This step must be skipped if kernel is booted by a Multiboot bootloader; because Multiboot bootloaders are not aware those FreeBSD specific information, and if the kernel will simply halt if such information isn't present.

A check for Multiboot protocol is needed, immediately after entry of kernel. Multiboot bootloaders sets ''eax'' to a magic number to indicate that it is a Multiboot bootloader.
Modifying the startup code as:
<file diff>
--- a/sys/i386/i386/locore.s	2016-03-25 09:09:25.000000000 +0800
+++ b/sys/i386/i386/locore.s	2019-05-24 13:10:42.989381512 +0800
@@ -196,6 +223,17 @@
 	movw	$0x1234,0x472
 #endif	/* PC98 */
 
+#ifdef MULTIBOOT
+	/* Are we booted up by a multiboot bootloader? */
+	cmpl	$MULTIBOOT_BOOTLOADER_MAGIC, %eax
+	jne	1f
+	movl	$0, R(bootinfo+BI_KERNEND)
+	movl	%ebx, R(multiboot_env)
+	jmp	2f
+
+1:
+#endif
+
 /* Set up a real frame in case the double return in newboot is executed. */
 	pushl	%ebp
 	movl	%esp, %ebp
@@ -232,6 +270,8 @@
 
 	call	recover_bootinfo
 
+2:
+
 /* Get onto a stack that we can trust. */
 /*
  * XXX this step is delayed in case recover_bootinfo needs to return via
</file>
As the code describes, if a Multboot bootloader magic not found, jump to original path to perform tasks to deal with bootinfo passed by BTX loader.

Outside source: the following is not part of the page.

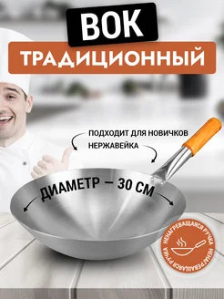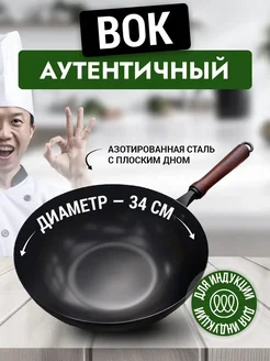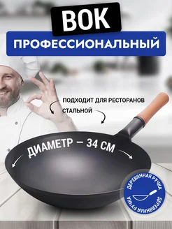 Сковорода вок WOK стальная Lux с плоским дном 34 см
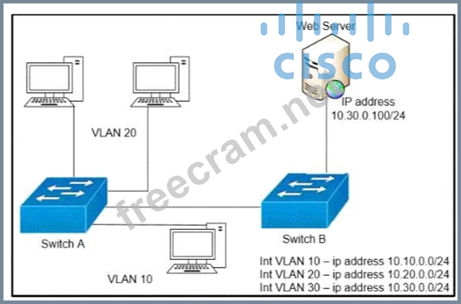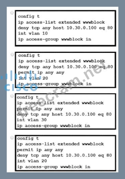 A network engineer must block access for all computers on VLAN 20 to the web server via HTTP All other computers must be able to access the web server Which configuration when applied to switch A accomplishes this task?

There is also a variable ''multiboot_env''; this is used to access Multiboot specific information, such as the memory information we requested via ''MULTIBOOT_MEMORY_INFO'', and the kernel command line. Its address is passed by bootloader in ''ebx'' register; this address must be saved for use later (for goal 3 and laters) before ''ebx'' got overwritten.

At this point the kernel should be able to boot from Multiboot bootloader; however the kernel appears hang when I trying it with QEMU.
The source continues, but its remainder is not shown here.